Chelators are now being designed to accommodate both diagnostic isotopes, such as gallium-68, and therapeutic metals such as lutetium-177 or terbium-161. This dual-compatibility means that the same biological vector can be used for initial patient selection, treatment delivery and post-therapy monitoring. Research into alpha-emitting isotopes has also grown, particularly interest in actinium-225 and lead-212, which offer significant therapeutic power when paired with matching imaging isotopes.
This alignment between imaging and therapy places radiolabelling at the heart of personalised oncology, allowing clinicians to make more accurate predictions about treatment response and to adjust therapy as needed.
A Broader Biological Perspective for Molecular Imaging
As precision medicine expands, radiolabelling is increasingly used to study the tumour microenvironment. Instead of focusing solely on tumour cells, tracers can target immune cells, stromal components, extracellular matrix enzymes and other features that influence disease progression. This shift reflects a broader understanding of cancer as a complex biological system rather than a single target.
Radiolabelling strategies must therefore support tracers with faster kinetics, higher specificity and improved metabolic stability. As these tracers move closer to clinical use, radiopharmacies must adapt their practices to handle a more diverse and challenging set of compounds.
A Field in Rapid Motion
Radiolabelling in 2025 is marked by diversity: new radiometals, enhanced chelators, advanced carriers, integrated digital tools and shifting clinical priorities. Together, these developments point to a future in which radiolabelling is more adaptable, patient-centred and scientifically sophisticated than ever before.

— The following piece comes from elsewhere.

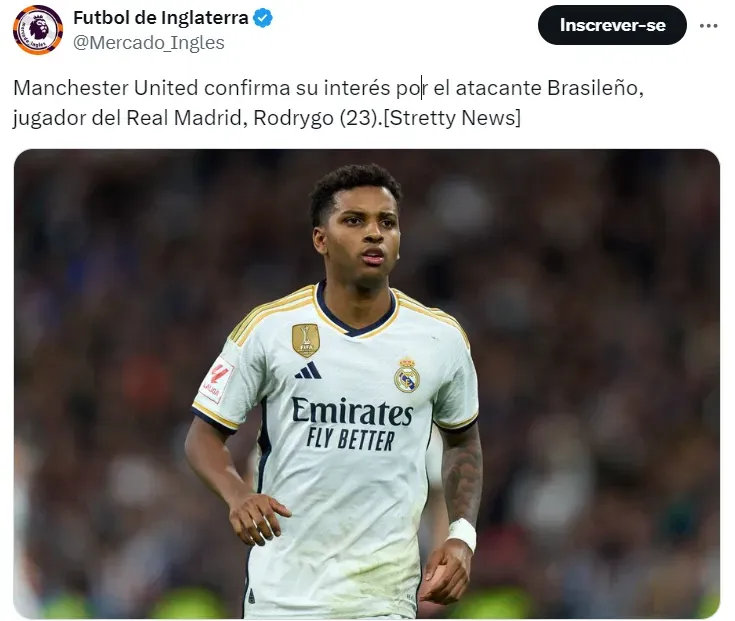 O Manchester United, segundo a imprensa inglesa, confirma que está interessado na contratação do brasileiro Rodrygo, do Real Madrid e da Seleção Brasileira, segundo informa o jornal Stretty News.
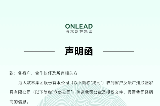 11月12日,海太欧林集团股份有限公司发布一则郑重声明,揭露广州欣盛家具有限公司涉嫌伪造公章、授权文件等材料,假冒其授权经销商进行商业活动。这一事件引发业内对商业信誉与市场规范的广泛关注。

For clinicians, these changes promise clearer scans, more effective treatments and better ways to personalise therapy. For researchers, the expanding toolkit opens up new opportunities to explore biological processes in greater detail. And for radiopharmacies, the move towards automation, AI support and improved production methods sets the stage for safer, more reliable and more efficient practice.
Radiolabelling remains a core part of nuclear medicine, but it is now also a vibrant area of innovation with far-reaching implications. As these trends continue to mature, the field is well-positioned to support the next generation of diagnostic and therapeutic breakthroughs.
Disclaimer
This article is intended for informational and educational purposes only. It provides a general overview of current research directions, technological developments and clinical trends in radiolabelling as of 2025. It does not constitute medical, scientific, regulatory or professional advice, and should not be used as a substitute for consultation with qualified specialists in nuclear medicine, radiopharmacy, radiochemistry or related fields.
Radiopharmaceutical development, handling and clinical use are subject to strict regulatory, safety and operational requirements. Readers must follow all applicable laws, professional standards and institutional guidelines when working with radioactive materials or applying any methods described. The technologies, compounds and procedures referenced in this article may be experimental, may not be approved for clinical use in all regions, and may involve risks that require expert oversight.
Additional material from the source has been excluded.